Ambientada en Italia a finales del siglo XV, en mitad de una epidemia de peste bubónica (un recurso gore que ya explotó en Los señores del acero, 1985), cuenta la historia de una monja ardorosamente enamorada de Cristo, obsesionada con el dolor como purificación y abandonada dulcemente a la tentación sexual con una de sus compañeras de convento. Para hacernos una idea del tono utilizado por el cineasta holandés para narrar este enamoramiento, desvelaremos solamente que el flechazo les llega en la letrina, mientras defecan una al lado de la otra, entre pedos, risas y esfuerzos abdominales. Entonces se miran a los ojos y prende el deseo. Puro Verhoeven.
Cuando le preguntan por la obscenidad de su cine, el director suele justificarla por su aversión a las elipsis: en la mayoría de las películas, si una pareja siente atracción se dirige hacia la cama y, justo en ese punto, se produce un cambio de escena que lleva al espectador al momento inmediatamente posterior al coito. Eso, explica, le saca de quicio porque la vida no es así. Por regla general, tampoco es tan vulgar y tan explícita como en su cine, todo el mundo tiene sus pudores y sus espacios de intimidad, pero en la cabeza de Verhoeven no funciona así. Él es el último mohicano de las vanguardias. Está aquí para incomodar, para escandalizar, para hacer volar por los aires hasta el último reducto de moralidad ortodoxa. No es difícil imaginarlo sonriendo si, como le ocurrió a Buñuel con La edad de oro (1930), le prendieran fuego a los cines en los que se exhiben sus películas.
Y tampoco es cierto que aborrezca totalmente las elipsis. En su obra hay siempre segundos niveles de lectura. Tampoco es que estén demasiado escondidos, pero sí es posible que se pierdan entre la pirotecnia, la sangre, las tetas y los culos. Él cree que el cine está hecho para mostrar, al contrario de lo que piensan otros directores, que creen que está hecho para esconder y sugerir. Pero es que esto también sabe hacerlo, como demostró en Elle (2016), un arriesgadísimo cuento moral donde agresores y víctimas son igual de asquerosos por una razón elemental: son burgueses. Esa película cambió el chip de la crítica, que ahora empieza a decodificar correctamente sus mensajes y a revalorizar algunos de sus títulos más polémicos, especialmente los realizados en Estados Unidos. Su desembarco en Hollywood, visto en perspectiva, fue una broma monumental, una obra maestra del vacile. Los americanos le dieron cientos de millones de dólares que Verhoeven utilizó para escupirles a la cara un mensaje: sois basura.

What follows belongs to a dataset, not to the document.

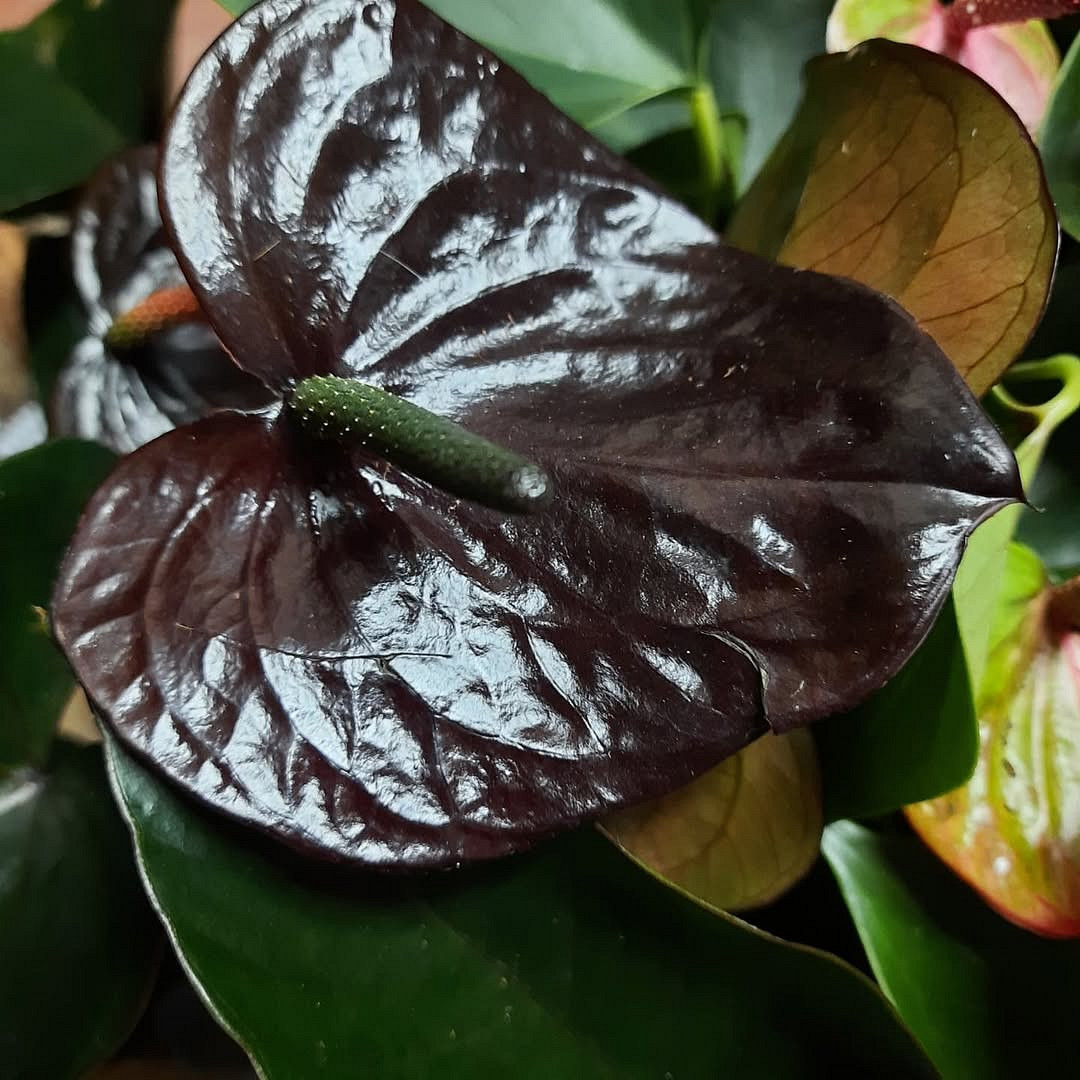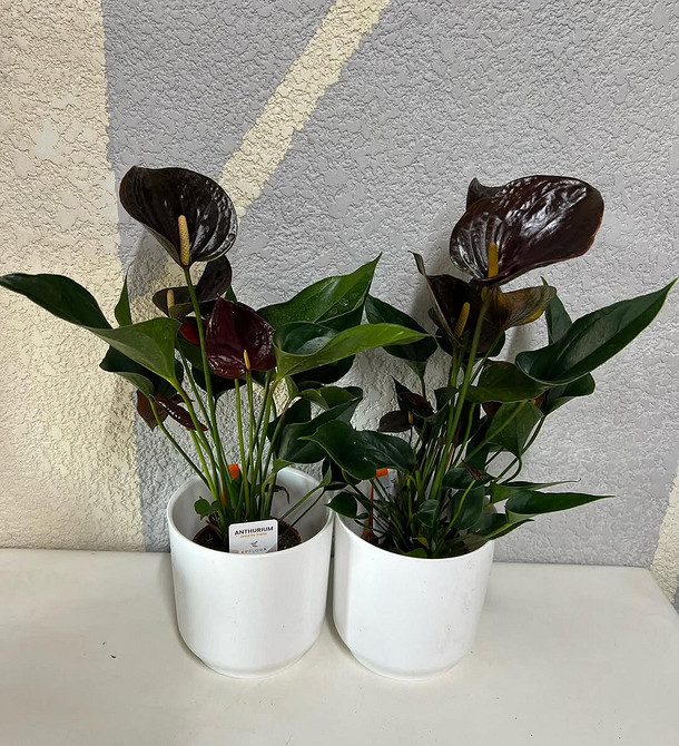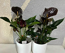 Черные цветы всегда привлекают внимание. А антуриумы в такой расцветке интересны вдвойне: за счет необычных соцветий и глянцевого блеска они выглядят так, словно попали к нам с другой планеты.
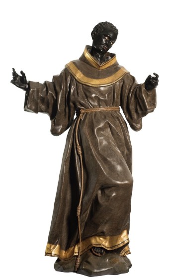 Attributed to Juan Pascual de Mena, Saint Benedict of Palermo, 1770–80, coniferous wood, pigment, gold (Detroit Institute of Art).

Verhoeven, maestro del troleo
Robocop (1987) era un cruce de Frankenstein y western de ciencia-ficción con el que reventó la taquilla en el momento de empalme farlopero más chungo de la era Reagan. Presentaba una ciudad (un Detroit distópico) que externaliza los servicios de seguridad para atajar el crimen. La policía pasa a manos de una de esas empresas privadas que hacen de todo: gestionar hospitales y cárceles, construir nuevos barrios, explorar el espacio… «Los buenos negocios están ahí fuera si sabes encontrarlos», asegura uno de los directivos. Y fabrican un hombre-máquina para limpiar las calles, pero éste, inopinadamente, se revuelve contra sus creadores. Y el mensaje era: los asesinos y traficantes callejeros, por brutales que sean, no son peores que los ejecutivos de las grandes empresas. ¿En Hollywood captaron el mensaje? «En Estados Unidos, mientras las películas hagan dinero, tienes carta blanca. El dinero es el rey. Hoy puedes comprar incluso la presidencia del país», explicaba Verhoeven en una clase magistral en la Cinémathèque Française, en 2016, pocos días después de que Trump llegara a la Casa Blanca.
Así que el dinero siguió fluyendo hacia sus proyectos… hasta que aquello se le fue de las manos. O sea, hasta Showgirls (1995), un disparate grosero y decadente que tampoco se entendió en su momento. Seguramente porque Verhoeven no supo explicarse bien o porque le pudo la ambición. Quiso mezclar Ascenso y caída de la ciudad de Mahagonny, de Bertolt Bretch, con Eva al desnudo (1950) y Flashdance (1983), sin renunciar al erotismo más chabacano. La astracanada alcanza cotas de zafiedad fascinantes. Hoy en día es una película de culto. Verhoeven pretendía hacer de Las Vegas una metáfora de toda la sociedad americana, de su doble moral, de su amor por la parafernalia, de su obsesión por el triunfo. ¿Podría haber retratado esa monstruosidad sin tantas tetas y tantos culos al aire? Pues sí, pero no sería Verhoeven.
Su siguiente proyecto, Starship Troopers (1997), significaría su expulsión virtual de la Meca del cine. En ella adapta una novela ultraderechista para hacer otra sátira delirante en la que equipara la política exterior estadounidense con el régimen nazi. Y, lógicamente, esta vez sí, le mostraron la salida.
El trauma nazi
Hay que decir que Verhoeven siempre fue un decidido antifascista, como demuestran sus dos películas sobre la resistencia holandesa en la Segunda Guerra Mundial: Eric, oficial de la reina (1977) y El libro negro (2006). Él mismo nació poco antes de la invasión alemana y abrió sus ojos al mundo en una Haya destruida por los bombardeos. Sus biógrafos cuentan que entonces sufrió un trauma que le marcó de por vida. Ocurrió al final de la guerra, cuando estaba jugando en la calle y unos soldados alemanes le gastaron una broma pesada: le dijeron que se pusiera de cara a la pared porque iban fusilarlo. El niño emprendió el regreso a casa con los pantalones cortos mojados y oyendo las risotadas nazis de fondo. Desde entonces, por resumirlo sucintamente, Verhoeven no está para hostias. Va a tope.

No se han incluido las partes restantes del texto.